Excerpted records =
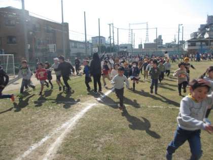 走る前には準備運動を。
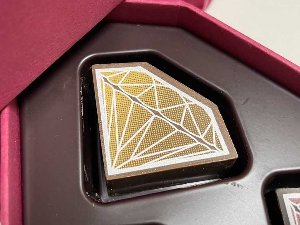 ペルートンカダイヤモンドは、ダークチョコレート×カカオ&トンカ豆フレーバーのガナッシュの味わいが楽しめるよ🍫。
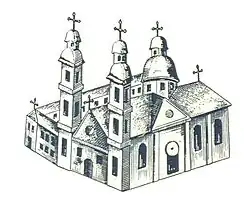 Jest to świątynia dwuwieżowa, wzniesiona na planie krzyża, z trójbocznie zamkniętym prezbiterium i krótkimi ramionami transeptu. Nad skrzyżowaniem naw znajduje się kopuła osadzona na ośmiobocznej podstawie, zwieńczona ośmioboczną latarnią z namiotowym daszkiem. Fasadę zdobią trzykondygnacyjne czworoboczne wieże, których górne kondygnacje łączy szczyt o falistej linii[6].
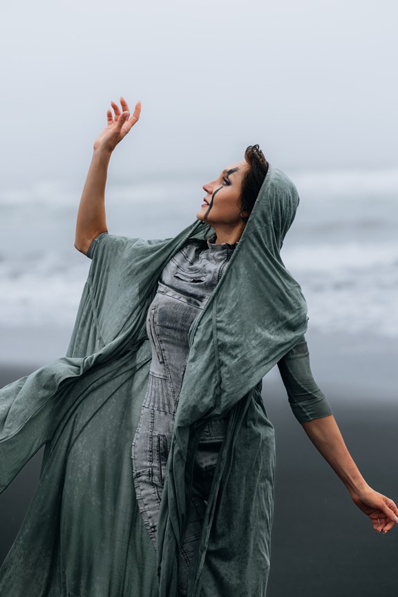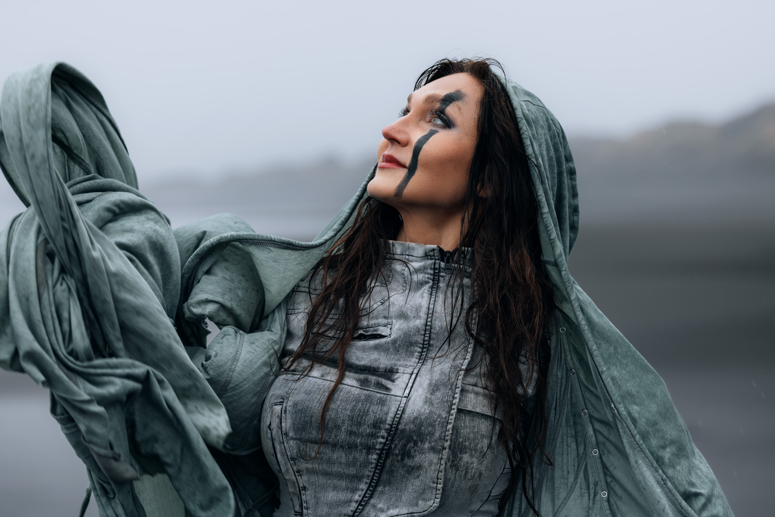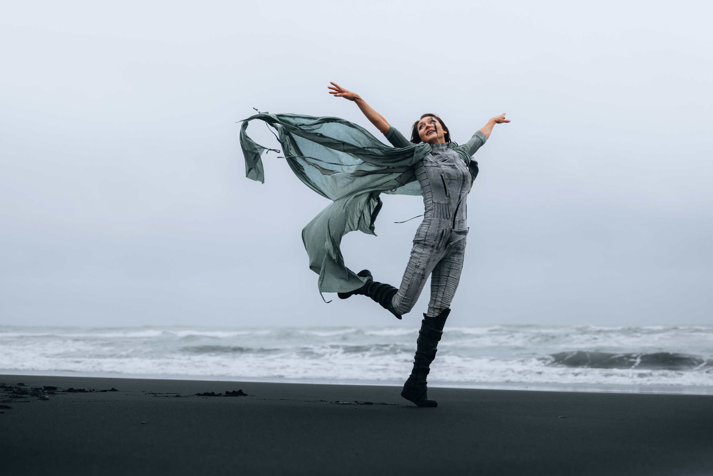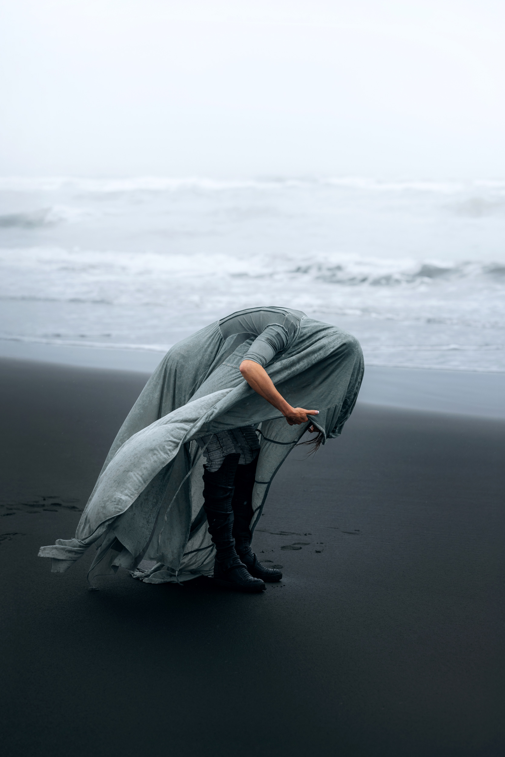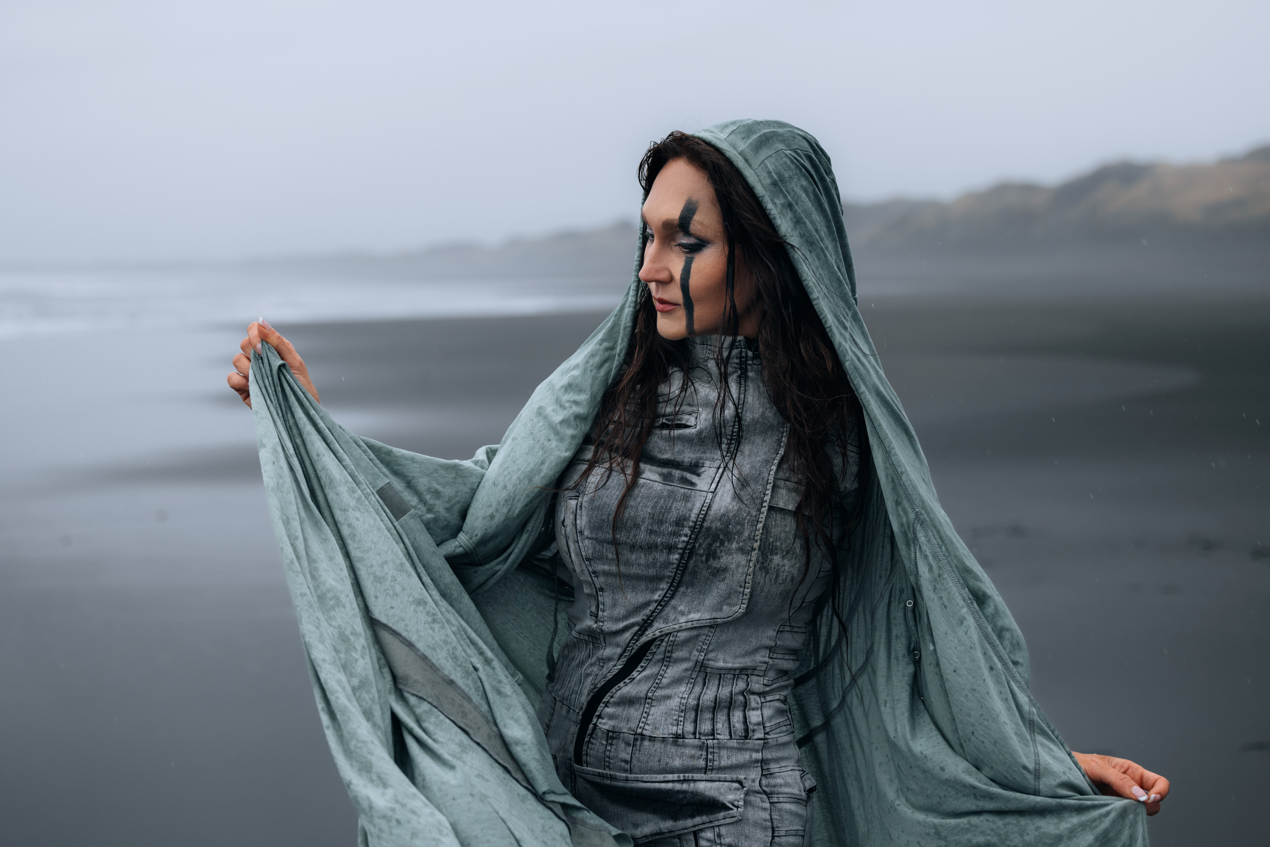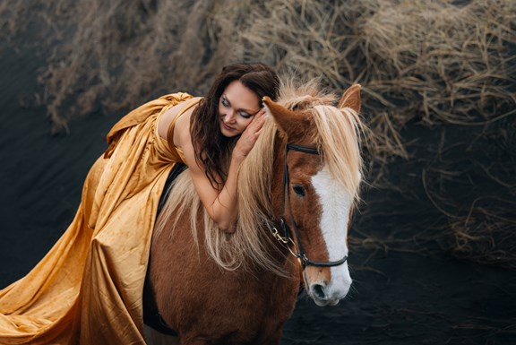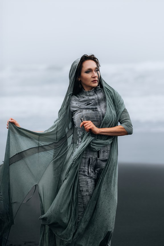 Irene had the idea to capture herself horseback riding on a black beach. Iceland’s wide open spaces, dark sand, and changing weather make it a perfect place for this kind of shoot. That day, the weather quickly turned, and heavy rain came pouring down. But instead of stopping, the shoot carried on, and the rain ended up making everything look even better, real, powerful, and full of atmosphere.
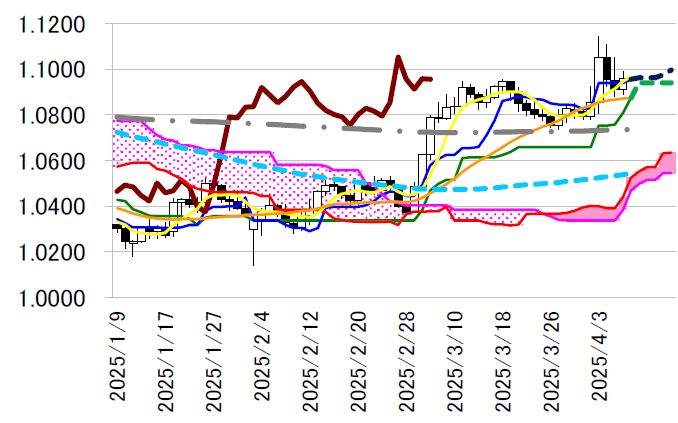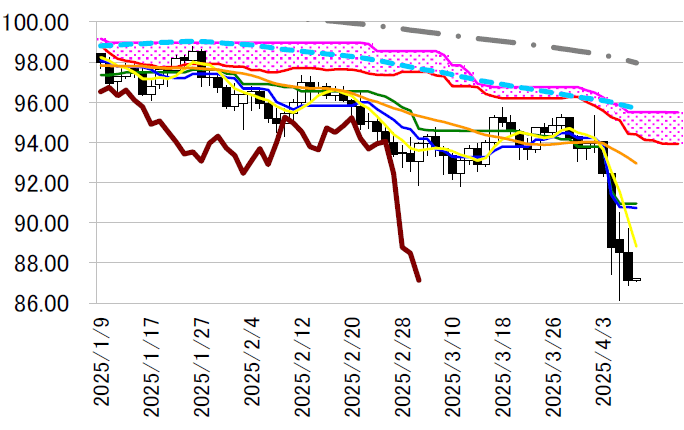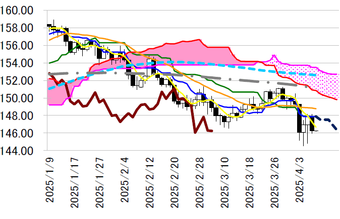 ただ、一目均衡表転換線と基準線が合わせて位置する147.89円付近がレジスタンスとして意識される と失速した。「トランプ米政権は中国に対する104%の追加関税を明日9日に発動する」と伝わると、米 中の貿易摩擦が激化するとの懸念からダウ平均が下げに転じ、一時800ドル超下落。リスク回避の円買 い・ドル売りが優勢となり、4時30分過ぎに145.97円と日通し安値を付けた。
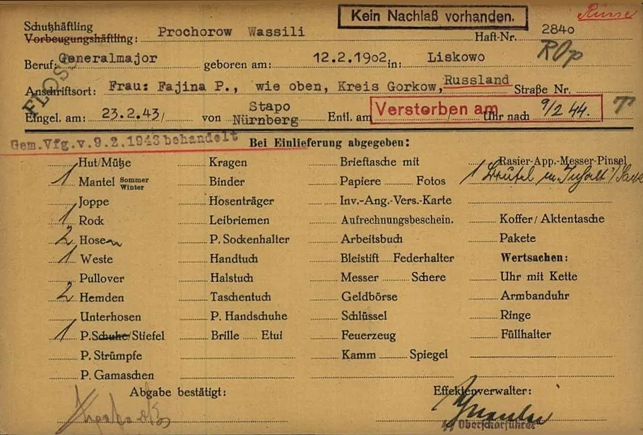 В карте узника - дата смерти Прохорова 9.02.1944
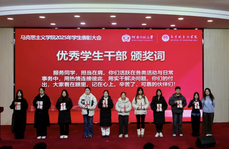大会在庄严的国歌声中拉开序幕。马克思主义学院副院长姚广利宣读2025年学生表彰决定,对本年度在集体建设、学业科研、实践服务等方面表现突出的先进集体和优秀个人致以热烈祝贺。随后,领导老师为优秀学生干部、志愿之星、学习之星等优秀学生代表颁发荣誉证书并合影留念。胡锦鹏、何静雯、杨一帆、邓林蕊、王青鹤依次作为学生代表发言,他们结合自身在集体建设、责任担当、专业学习、理论实践等方面的经历,分享成长感悟与奋进心得,展现马院学子的理想追求与青春风貌,引发全场师生的强烈共鸣。
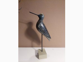 Vacker träskulptur fågel på pinne med träbas

About this task = Give again the lines from the line that contains "大会在庄严的国歌声中拉开序幕" through the last line of the material above, exactly and with both ends included. Omit the pictures.

The answer =
大会在庄严的国歌声中拉开序幕。马克思主义学院副院长姚广利宣读2025年学生表彰决定,对本年度在集体建设、学业科研、实践服务等方面表现突出的先进集体和优秀个人致以热烈祝贺。随后,领导老师为优秀学生干部、志愿之星、学习之星等优秀学生代表颁发荣誉证书并合影留念。胡锦鹏、何静雯、杨一帆、邓林蕊、王青鹤依次作为学生代表发言,他们结合自身在集体建设、责任担当、专业学习、理论实践等方面的经历,分享成长感悟与奋进心得,展现马院学子的理想追求与青春风貌,引发全场师生的强烈共鸣。
 Vacker träskulptur fågel på pinne med träbas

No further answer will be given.